In step S130 of generating the matched X-ray image, the controller 280 of the guide wire inserting apparatus 200 aligns the image information obtained in steps S110 and S120 to include information on the blood vessel and the guide wire The image information can be obtained.

The image information including both the acquired blood vessel and the guide wire may be displayed on the display unit so that a surgeon can easily confirm the information about the blood vessel and the guide wire.

When the target point at which the guide wire is to be inserted is determined in step S140 of measuring the target vessel vector, the control unit 280 of the guide wire insertion device 200 determines whether the guide wire is inserted between the guide wire and the target point Can be measured.

Next, in step S150 of calculating the angle between the guide wire vector and the target vessel vector, the controller 280 of the guide wire insertion device 200 can calculate the angle formed by the guide wire vector and the target vessel vector.

Next, in step S160 of calculating the difference between the target vessel vector and the guide wire vector, the control unit 280 of the guide wire insertion device 200 determines whether the guide wire is rotated by the doctor who performs the operation, Calculate the difference between the vector and the guide wire vector.
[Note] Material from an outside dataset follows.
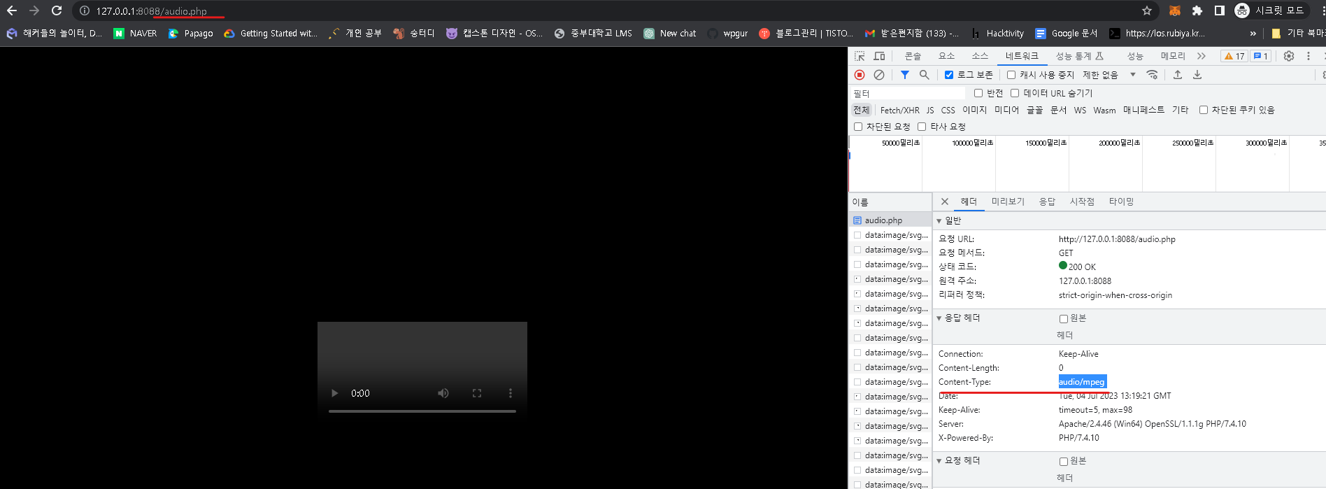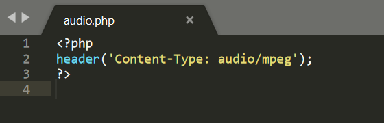 다음과 같이 php에 header('Content-Type: audio/mpeg'); 를 입력하여 header를 설정해준다.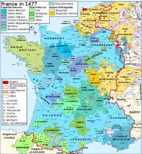 خاندان فرانسوی والوا، که در پی دودمان کاپتی در ۱۳۲۸ بر سر کار آمدند، آنها در آغاز در کشور خود به حاشیه رانده شده بودند، نخست توسط نیروهای مهاجم انگلیسی در جنگ صد ساله، و سپس از سوی قلمرو دوکنشین قدرتمند بورگونی در تنگنا بودند.[23] ظهور ژاندارک به عنوان یک رهبر نظامی این دوره جنگ را به نفع فرانسه تغییر داد و ابتکار عمل بیشتری در پی آن توسط پادشاه لویی یازدهم انجام گرفت.[24]

That is, the control unit 280 of the guide wire insertion device 200 can measure the guide wire vector (guide wire tip tangent vector) facing the guide wire tip in real time, and calculate the angle formed by the target vessel vector and the guide wire vector .

5A and 5B are conceptual diagrams for explaining a method of providing feedback at the time of inserting a guide wire.
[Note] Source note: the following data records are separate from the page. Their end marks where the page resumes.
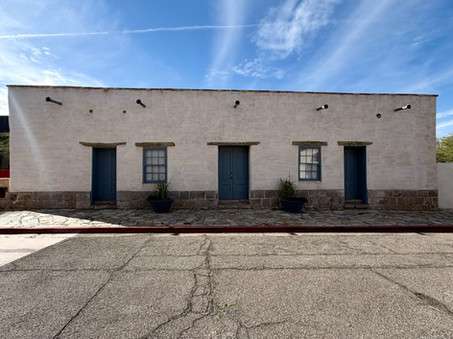 Here in Tombstone is the World’s Largest Rosebush located in the backyard of the Rose Bush Museum. This rosebush was planted here in 1885 from cuttings from a “Lady Banksia Rose” a nearly thornless climbing rose - that originated in Scotland. The cuttings were sent from Scotland to Tombstone to a bride named Mary Gee, who later gave it to her friend Amelia Adamson. The rosebush was first declared the “World’s Largest” in the late 1930s, and has since continued to grow. The plant covers between 8000 to 9000 square feet and is supported by a large trellis system. There are even designated pathways under it for visitors. The trunk has a circumference of between 12 to 16 feet. This rosebush is massive. We were able to easily walk underneath and also to view the top of it from an elevated platform in the yard. From the elevated viewpoint we really got a feel of its enormity. At its highest point it was probably at least 20 feet tall. It is hard to imagine the beauty and aroma of it blooming in the spring with its 200,000 to one million small white roses.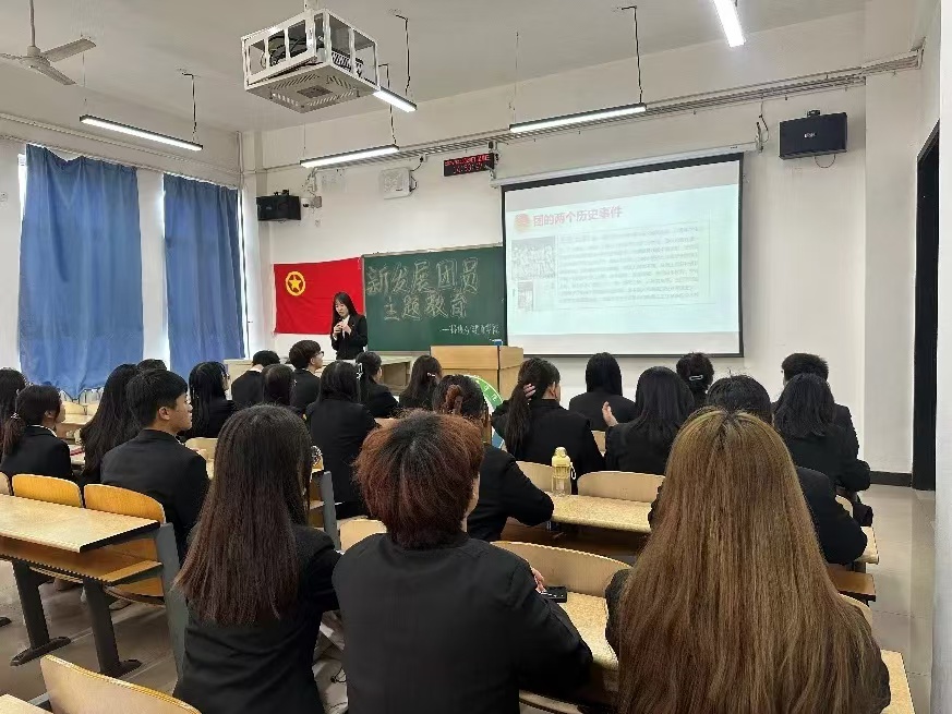 活动伊始,团总支组织部副部长刘晓璇以生动的语言和丰富的历史资料,带领全体新团员回顾了中国共青团的重要历史事件。她深入浅出地讲解了五四运动和一·二九运动的时代背景、主要经过及其历史意义,强调了青年在国家危难时刻所展现的先锋作用和爱国热情。刘晓璇指出,共青团作为中国共产党领导下的先进青年组织,肩负着传承红色基因、推动社会主义现代化的重要任务。她强调,新时代团员应在思想、学习、工作、生活等方面严格要求自己,发挥先锋模范作用,明确自身肩负的责任和使命。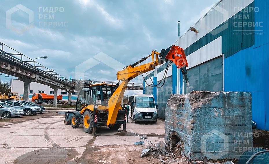Устройство используется как гидромолот на экскаватор-погрузчик, минипогрузчик или стандартный экскаватор. -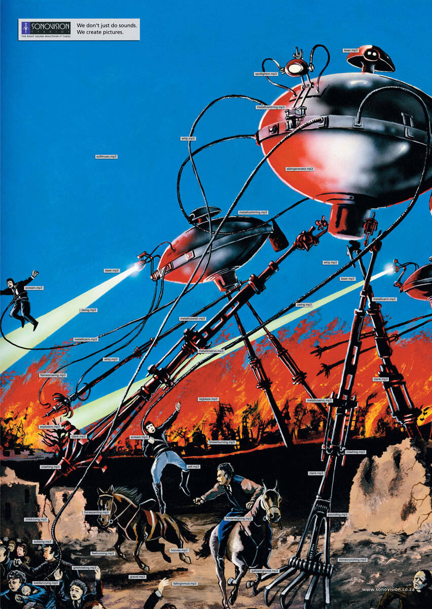 This professional campaign titled 'War of the Worlds, Cavalry, Boxer' was published in South Africa in January, 2008. It was created for the brand: Sonovision, by ad agency: FCB. This Print medium campaign is related to the Professional Services industry and contains 3 media assets. It was submitted over 17 years ago.
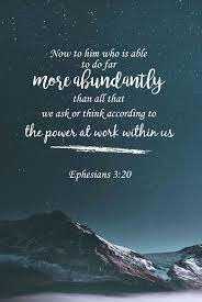 Now to Him who is able to do exceedingly abundantly above all that we ask or think, according to the power that works in us, Him who is able. Ephesians 3:20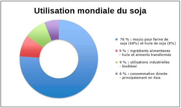 De nombreuses personnes croient à tort que le soja est mangé par les végétaliens et les végétariens, mais les mangeurs de viande consomment en réalité 85 % du soja de façon plutôt indirecte sous forme de viande, mais également sous forme d’ingrédient dans des aliments transformés et sous forme d’huile de cuisson. Le schéma ci-dessous résume les utilisations mondiales des fèves de soja.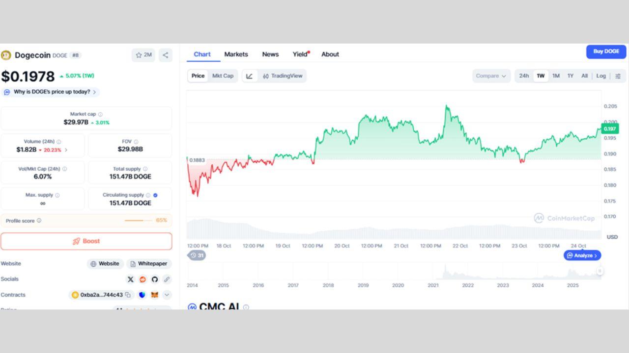 The historic Dogecoin surge saw an investment of $500 in 2021 make the now-valued 183,000 in the mania. DOGE is currently trading at 0.1958, which represents a relatively small 4.12 % gain in October but conceals a brutal 35 % annual loss and quells the chances of a similar burst this month. In the meantime, the presale crypto of Mandala Chain is a new opportunity on a stable platform and has enormous growth potential in the future.
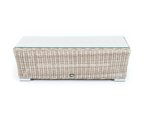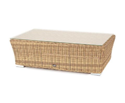 "Капучино", плетеный журнальный стол, алюминиевый каркас, круглый искусственный ротанг, ручное плетение, размер 1100х660х300 мм, цвет соломенный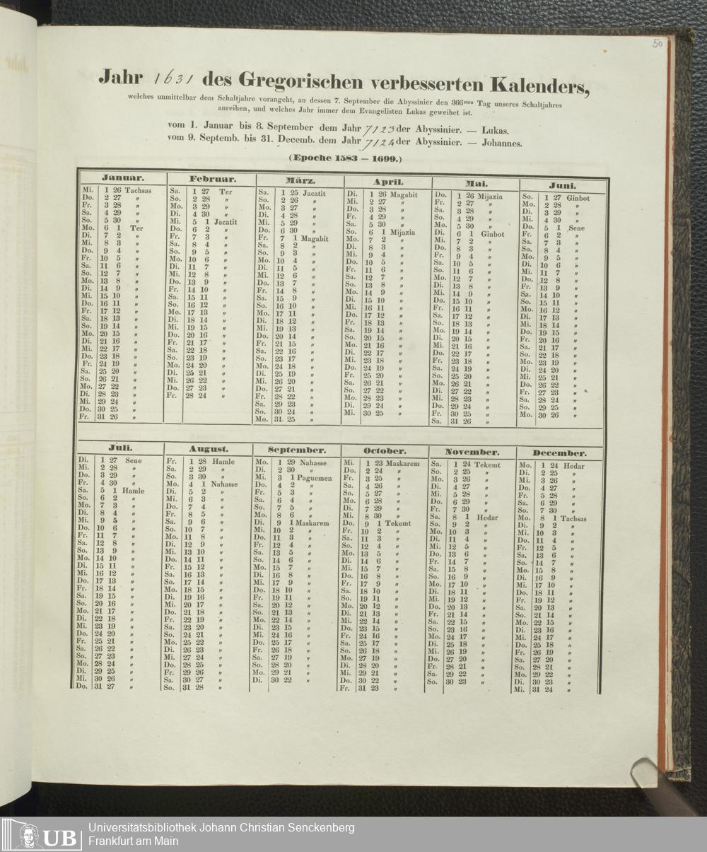Ms. Ff. E. Rüppell IV - Kalender vom Jahr 1583 bis 1860, das heist seit der Einführung der durch Pabst Gregorius XIII verordneten Verbesserung, aus welchen Kalender die Gleichstellung dieser Zeitrechnung mit der von den Abyssiniern gebräuchlichen Chronologie ersehen werden kann; zum Behuf der geschichtlichen Forschungen der Abyssinischen Chroniken entworfen

6A to 6C are views for explaining a method of inserting a guide wire using feedback.

Referring to FIG. 6A, the control unit 280 of the guide wire insertion device 200 may acquire image information including both information on the blood vessel and the guide wire. In addition, the control unit 280 of the guide wire insertion device 200 can obtain information on the target point 610 where the guide wire 620 is to be inserted. In addition, the control unit 280 of the guide wire insertion device 200 can acquire the direction of the target vessel vector 630. In addition, the control unit 280 of the guide wire insertion device 200 can measure the direction of the guide wire vector 640. The controller 280 of the guide wire insertion device 200 may obtain an angle 650 between the direction of the guide wire vector 640 and the direction of the target vessel vector 630.
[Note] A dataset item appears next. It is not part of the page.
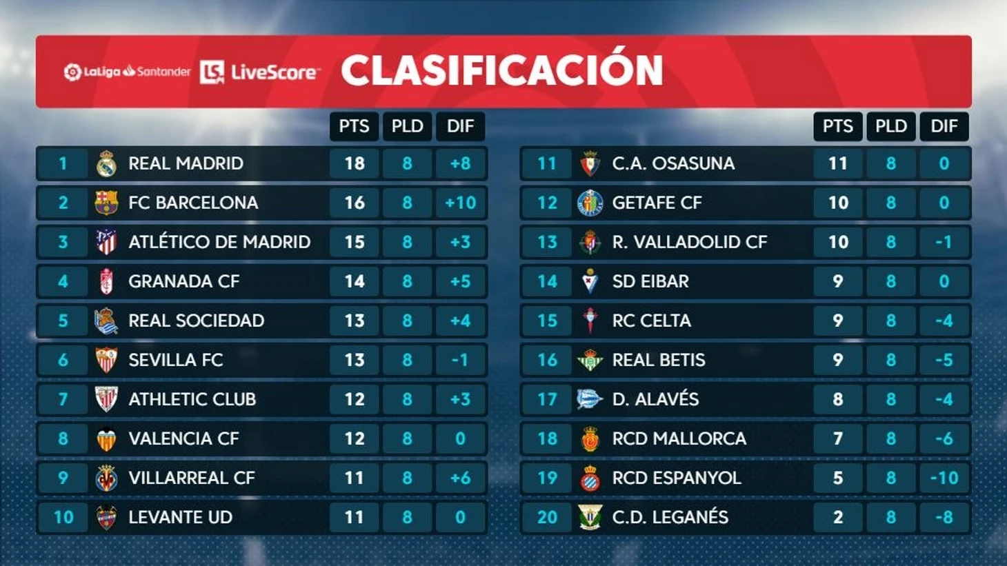 Любителей испанского футбола впечатляет и конкурентоспособность новичков – 32%. Из трех клубов, поднявшихся из дивизиона Сегунда, два по-настоящему классно начали сезон: "Гранада" четвертая, а "Осасуна" девятая. Правда "Мальорка", еще один новичок, занимает скромное 18-е место и находится в зоне вылета.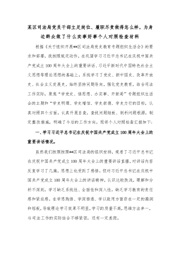 某区司法局党员干部立足岗位、履职尽责做得怎么样,为身边群众做了什么实事好事个人对照检查材料根据《关于组织开展**区司法局党史教育专题组织生活会》的要求和部署,我按照规定动作,在巩固学习习近平总书记在庆祝中国共产党成立100周年大会上的重要讲话、习近平新时代中国特色社会主义思想等理论思想的基础上,系统学习了党史、新中国史、改革开放史、社会主义发展史,始终坚持问题导向,强化党史教育,结合司法工作实际,聚焦“学党史、悟思想、办实事、开新局”专题组织生活会的主题和“学史明理、学史增信、学史崇德、学史力行的目标,认真对照四个方面,认真开展自查,查找问题短板、剖析问题根源,制定整改措施,明确了今后的工作方...

Referring to FIG. 5A, the surgeon may rotate the guide wire 530 in a desired direction by rotating the guide wire rotation part 510 to which the guide wire 530 is connected.

Such a device may include a haptic portion 260.

Referring to FIG. 6B, as the guide wire rotates, the direction of the guide wire vector 660 in the blood vessel also changes. The control unit 280 of the guide wire insertion device 200 can confirm in real time that the direction of the guide wire vector 660 is changed as described above.

The control unit 280 of the guide wire insertion device 200 in the step of providing rotation feedback may match the angle 650 between the direction of the guide wire vector 640 and the direction of the target vessel vector 630, Vibration can be generated using the haptic portion 260 until it becomes smaller than a predetermined angle.

The controller 280 of the guide wire inserting apparatus 200 may control the vibrations generated in the haptic portion 260 according to the magnitude of the angle 650 between the direction of the guide wire vector 640 and the direction of the target vessel vector 630. [ Can be changed. For example, as the magnitude of the angle 650 between the direction of the guide wire vector 640 and the direction of the target vessel vector 630 increases, the magnitude of the vibration can be increased accordingly.

The control unit 280 of the guide wire insertion device 200 may generate the haptic portion 260 in accordance with the magnitude of the angle 650 between the direction of the guide wire vector 640 and the direction of the target vessel vector 630 It is possible to change the pattern of the vibration.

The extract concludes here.